At the SBL Annual Meeting this past few days, I encountered phrases like "hermeneutics of welcome" and "hermeneutics of sympathy" pitched against the "hermeneutics of suspicion" other scholars supposedly hold. The thing is, no one ever names the people who hold a hermeneutics of suspicion -- probably because the charge wouldn't stick.
A word of explanation. A few decades ago Elisabeth Schussler Fiorenza described a hermeneutics of suspicion as one feminist strategy for engaging the Bible (among others). She meant that feminist readers may safely assume the biblical authors downplayed the contributions of women. A hermeneutics of suspicion, then, looks for signs of women's agency and history where it's not emphasized. I've oversimplified things, but a hermeneutics of suspicion, properly speaking, is primarily a creative strategy -- not a destructive one.
Apparently some people (and I'm not naming them out of charity) feel a need to defend the Bible from its supposed attackers. They invoke "hermeneutics of welcome" or "hermeneutics of sympathy" to suggest that they're open to biblical truth -- while those who differ from them employ the more hostile "hermeneutics of suspicion." It's a specious argument, cowardly even, because it suggests that only one mode of interpretation really values the Bible.

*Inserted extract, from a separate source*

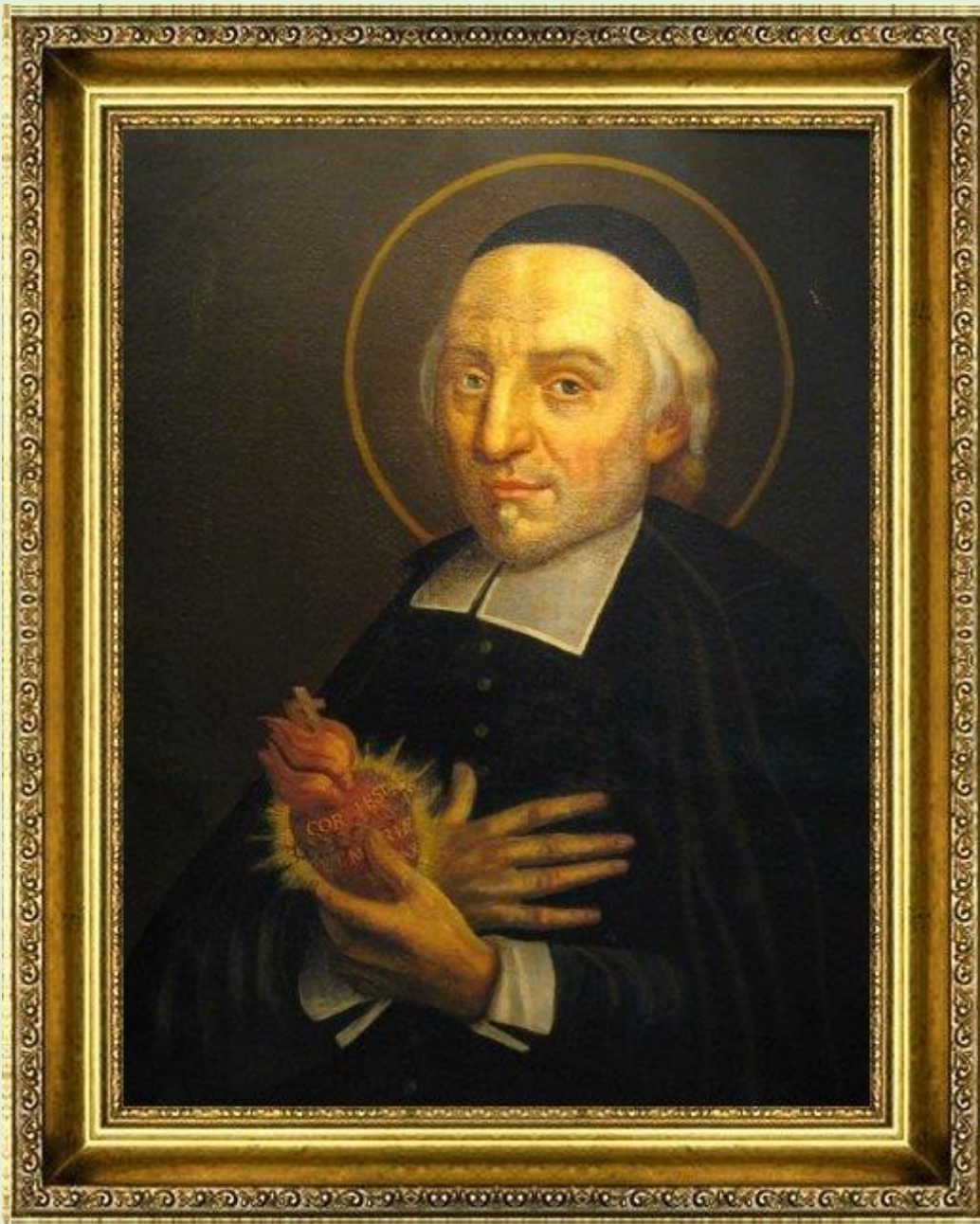
St Jean Eudes

The real truth is, relatively few interpreters set out to find negative things to say. Many more of us, however, find ourselves passionately engaged with scripture -- to the point that the Bible continually surprises us. Sometimes it says things we wish it wouldn't. Sometimes it confronts us with questions we'd never thought to ask. Sometimes signs of hope, grace, and correction leap from the page and into our hearts. Rather than a hermeneutics of suspicion, let's call this a hermeneutics of passion (copyright right here). What about it?
"Passion" in its truest sense means the capacity to be acted upon. I don't mean primarily the passion of desire, often eroticized (more below), but the passion of wild openness to the encounter of the text. I'm talking about a deep engagement, one in which we readers make ourselves vulnerable to the encounter. I'm talking about the possibility that we cannot predetermine interpretive outcomes. I'm talking about passion.
And yes, I'm talking about the passion of desire, eroticize it if you will. We come to the Bible from a lack, a deficit, a need. We come from a world that keeps selling us petty things all glittered up. Music overproduced. Food overportioned. Bodies over-Photoshopped. We lust for something that calls us beyond ourselves, a reality that fills us truly, a set of relationships that lead to transformation. We read passionately.
So... my resolution for today. When someone dismisses another interpretation with the "hermeneutics of suspicion" label, I'm gonna call them out as they cowards they are. It's a hermeneutics of passion, people!